### Records to use

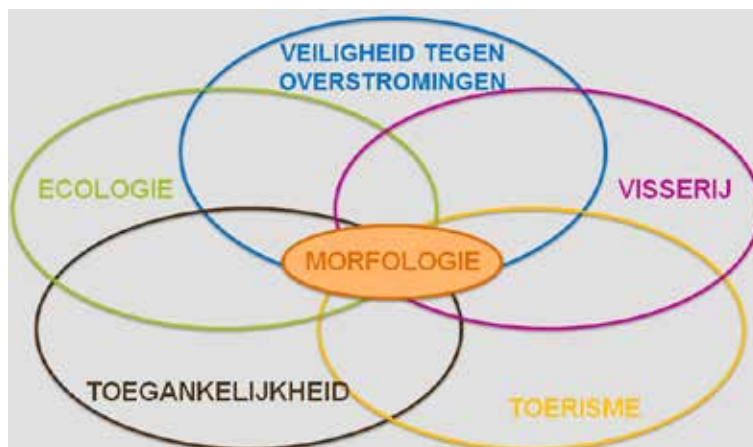
Figuur 2: Estuariene functies waarbij morfologie centraal staat (holistische benadering)

In de afgelopen jaren verschoof de focus naar een holistische benadering met aandacht voor de verschillende estuariene functies. Met die holistische benadering streeft men naar win-winsituaties, waarbij de morfologie een centrale rol speelt (Figuur 2). Voor de toekomst is het dan ook cruciaal die holistische benadering voort te zetten, waarbij het beheer van de morfologie centraal moet staan.
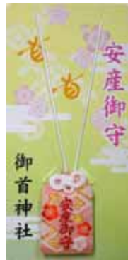
安産御守 初穂料七〇〇円
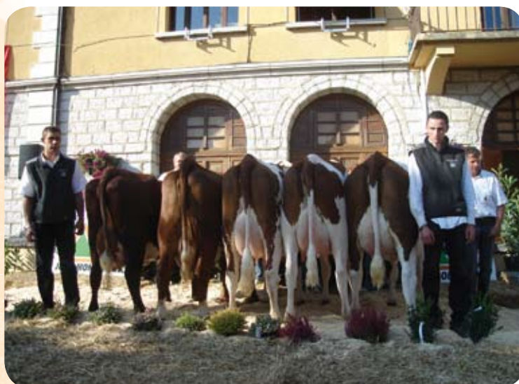
Vainqueur du canton de Cruseilles : challenge inter-cantonal à Valleiry le 21/10/2008. 2 races d'Abondance - 3 races Montbéliard.
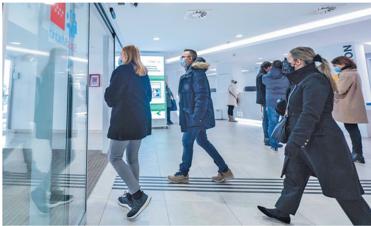
Personas con mascarilla en un centro sanitario madrileño.

Entre las cesiones parciales o completas que podrán visitarse está la Colección Paul Dahan, uno de los expertos más importantes de este tipo de arte en el mundo.
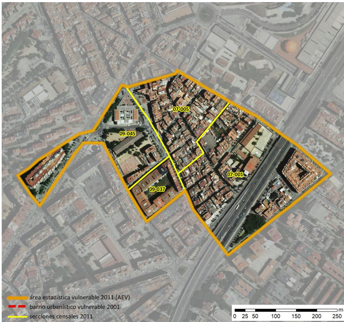
Localización en detalle del AEV
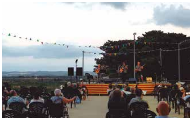
La Torregassa
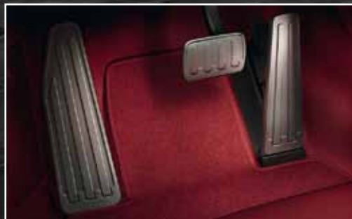
Pedalerie und Fußstütze aus Aluminium*
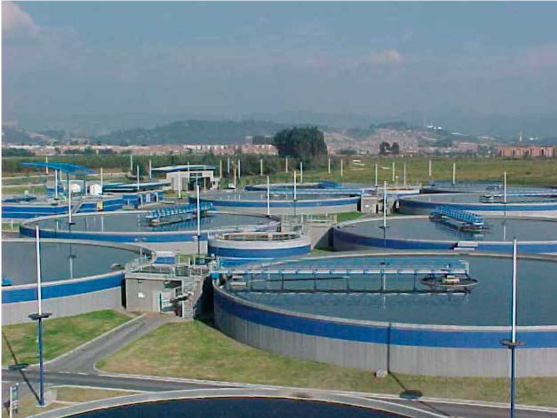
Sistema de tratamiento de aguas.

Es de anotar que precisamente por un mal manejo de las cuencas, y por ende, de la gobernanza del agua, tenemos déficits en muchos municipios y contaminación causada por el mal manejo. Si el ingeniero entiende el origen del agua y cómo ha de retornar al mismo, podrá pensar en soluciones integrales con miras sostenibles.
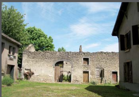
EXISTANT: bâtiment B - élévation Ouest
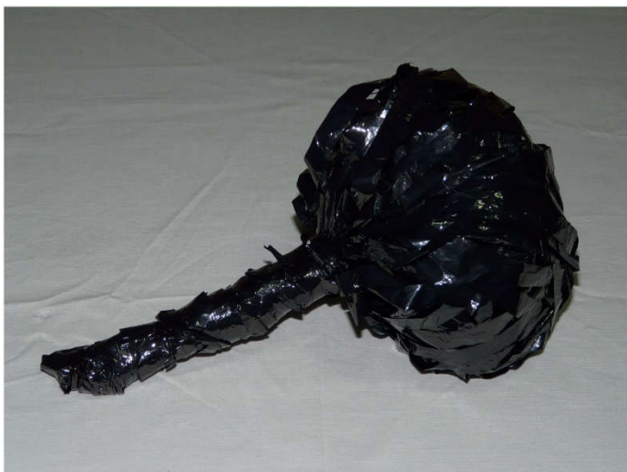
Figura 8. Exemplo de ideia pronta para ser explorada pelo David. Série Fitas , 2011.

Também nesta situação assumi a posição de espectador, porque apenas “podemos conhecer o seu mundo – mas não o podemos ter.”
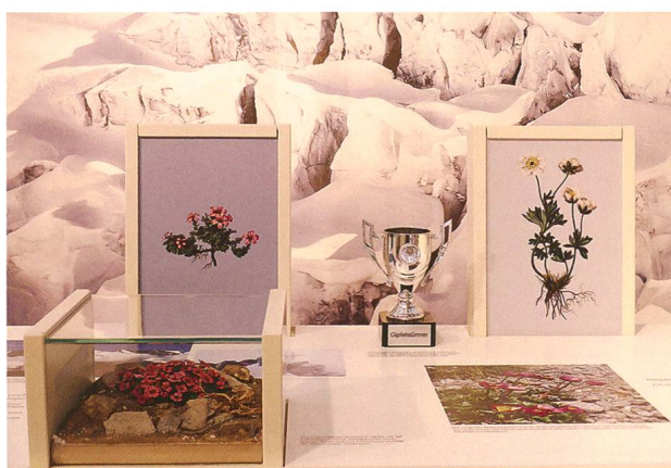
Abb. 3: Gegenblättriges Steinbrech und Gletscher-Hahnenfuss, zwei wahre Gipfelstürmer.

Waldgrenze (Abb. 1 bis 3). Auf einem Wanderweg steigt man von der Alp Tavaun (romanisch für Hummel) auf 1800 m ü.M. über das Hotel Alpendohle und das Munggenjoch hinauf zum Piz Crusch auf 3000 m ü. M. Unterwegs begegnen die Besucherinnen und Besucher ausgewählten Arten, einige davon zumindest dem Namen nach allgemein bekannt (z. B. Krokus, Bartgeier, Murmeltier), von anderen hingegen dürfte die Mehrzahl der Gäste kaum je gehört haben (z. B. Bärtierchen, Gletscher-Glasschnecke oder Gewimperte Nabelflechte). Die Mischung von (vermeintlich) Bekanntem und Unbekanntem kam beim Publikum sehr gut an, wie zahlreiche Einträge ins «Gipfelbuch» zeigten. Mit Augen, Gehör und Tastsinn liess sich überall Neues entdecken. Damit erfüllte die Ausstellung auch unseren Anspruch, auf die Naturschätze vor der Haustür aufmerksam zu machen und für die Bedeutung, aber auch Verletzlichkeit alpiner Naturräume zu sensibilisieren.
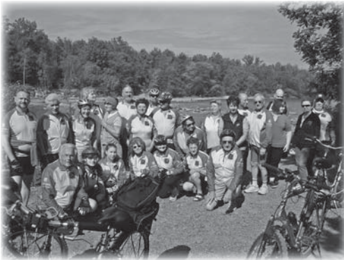
Die Radwanderer am Bodensee 2008
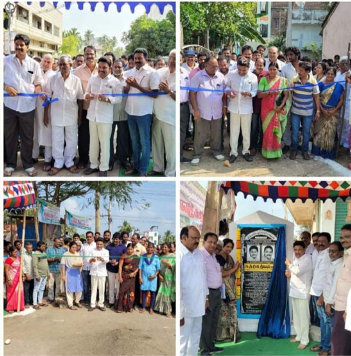
భీమవరం, జనవరి 20 (శ్రీచక్ర) :

● రాష్ట్ర ప్రభుత్వ వివ్, ఎమ్మెల్యే గ్రంధి శ్రీనివాస్
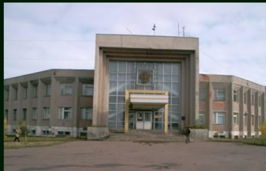
Орган местного самоуправления
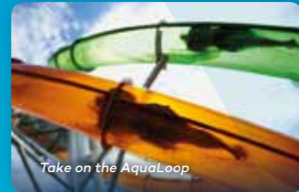
Take on the AquaLoop
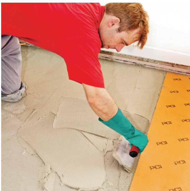
Na pripravený podklad naniesť PCI Nanflott light alebo PCI Rapidflott ...

Aby mohla byť spod PCI Pecilastic U odvádzaná zvyšková vlhkosť, nesmú sa na okrajoch utesniť ani okrajové škáry ani soklové lišty.
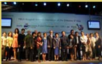
Y W C A
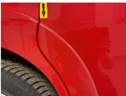
22. Lakk / karosseri utvendig
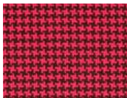
167.140 Koralle Coral
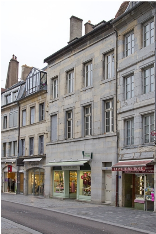
Vue d'ensemble de la façade sur rue, de trois quarts droit.

25, Besançon, 49 rue des Granges, lieudit : îlot Morand

######

> _Exercise details_
The entries above are to be copied exactly, with every picture left out.

> _Worked solution_
Figuur 2: Estuariene functies waarbij morfologie centraal staat (holistische benadering)

In de afgelopen jaren verschoof de focus naar een holistische benadering met aandacht voor de verschillende estuariene functies. Met die holistische benadering streeft men naar win-winsituaties, waarbij de morfologie een centrale rol speelt (Figuur 2). Voor de toekomst is het dan ook cruciaal die holistische benadering voort te zetten, waarbij het beheer van de morfologie centraal moet staan.
安産御守 初穂料七〇〇円
Vainqueur du canton de Cruseilles : challenge inter-cantonal à Valleiry le 21/10/2008. 2 races d'Abondance - 3 races Montbéliard.
Personas con mascarilla en un centro sanitario madrileño.

Entre las cesiones parciales o completas que podrán visitarse está la Colección Paul Dahan, uno de los expertos más importantes de este tipo de arte en el mundo.
Localización en detalle del AEV
La Torregassa
Pedalerie und Fußstütze aus Aluminium*
Sistema de tratamiento de aguas.

Es de anotar que precisamente por un mal manejo de las cuencas, y por ende, de la gobernanza del agua, tenemos déficits en muchos municipios y contaminación causada por el mal manejo. Si el ingeniero entiende el origen del agua y cómo ha de retornar al mismo, podrá pensar en soluciones integrales con miras sostenibles.
EXISTANT: bâtiment B - élévation Ouest
Figura 8. Exemplo de ideia pronta para ser explorada pelo David. Série Fitas , 2011.

Também nesta situação assumi a posição de espectador, porque apenas “podemos conhecer o seu mundo – mas não o podemos ter.”
Abb. 3: Gegenblättriges Steinbrech und Gletscher-Hahnenfuss, zwei wahre Gipfelstürmer.

Waldgrenze (Abb. 1 bis 3). Auf einem Wanderweg steigt man von der Alp Tavaun (romanisch für Hummel) auf 1800 m ü.M. über das Hotel Alpendohle und das Munggenjoch hinauf zum Piz Crusch auf 3000 m ü. M. Unterwegs begegnen die Besucherinnen und Besucher ausgewählten Arten, einige davon zumindest dem Namen nach allgemein bekannt (z. B. Krokus, Bartgeier, Murmeltier), von anderen hingegen dürfte die Mehrzahl der Gäste kaum je gehört haben (z. B. Bärtierchen, Gletscher-Glasschnecke oder Gewimperte Nabelflechte). Die Mischung von (vermeintlich) Bekanntem und Unbekanntem kam beim Publikum sehr gut an, wie zahlreiche Einträge ins «Gipfelbuch» zeigten. Mit Augen, Gehör und Tastsinn liess sich überall Neues entdecken. Damit erfüllte die Ausstellung auch unseren Anspruch, auf die Naturschätze vor der Haustür aufmerksam zu machen und für die Bedeutung, aber auch Verletzlichkeit alpiner Naturräume zu sensibilisieren.
Die Radwanderer am Bodensee 2008
భీమవరం, జనవరి 20 (శ్రీచక్ర) :

● రాష్ట్ర ప్రభుత్వ వివ్, ఎమ్మెల్యే గ్రంధి శ్రీనివాస్
Орган местного самоуправления
Take on the AquaLoop
Na pripravený podklad naniesť PCI Nanflott light alebo PCI Rapidflott ...

Aby mohla byť spod PCI Pecilastic U odvádzaná zvyšková vlhkosť, nesmú sa na okrajoch utesniť ani okrajové škáry ani soklové lišty.
Y W C A
22. Lakk / karosseri utvendig
167.140 Koralle Coral
Vue d'ensemble de la façade sur rue, de trois quarts droit.

25, Besançon, 49 rue des Granges, lieudit : îlot Morand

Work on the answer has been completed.